§ **Exercise**: Return the data word for word. Pictures are to be omitted.

§ **Data section**:
[Start of section]

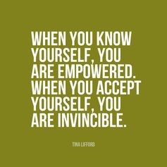 Think about what this says. It is a very powerful statement. Do you know yourself and what you are capable of? Do you accept yourself? If your answer is no, you need to set out to discover who you really are and when you do, you need to accept who you are . Now you are ready to begin to conquer all the things that are keeping you from realizing your dreams. You can and will be successful once you truly believe in yourself. When you do, nothing and no one can stop you. Remember, it's all there right inside you, ready and waiting. Unleash the power and begin to change your life.
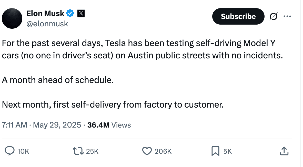 "Next month, first self-delivery from factory to customer," Musk recently announced, confirming tests of driverless Model Y vehicles in Austin.
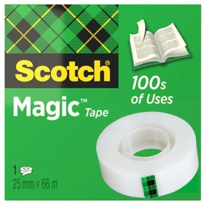 Scotch Magic Tape, 1 Roll, 25 mm x 66 m General Purpose Sticky Tape for Document Repair, Labelling & Sealing

[End of section]

§ **Exercise result**:
 Think about what this says. It is a very powerful statement. Do you know yourself and what you are capable of? Do you accept yourself? If your answer is no, you need to set out to discover who you really are and when you do, you need to accept who you are . Now you are ready to begin to conquer all the things that are keeping you from realizing your dreams. You can and will be successful once you truly believe in yourself. When you do, nothing and no one can stop you. Remember, it's all there right inside you, ready and waiting. Unleash the power and begin to change your life.
 "Next month, first self-delivery from factory to customer," Musk recently announced, confirming tests of driverless Model Y vehicles in Austin.
 Scotch Magic Tape, 1 Roll, 25 mm x 66 m General Purpose Sticky Tape for Document Repair, Labelling & Sealing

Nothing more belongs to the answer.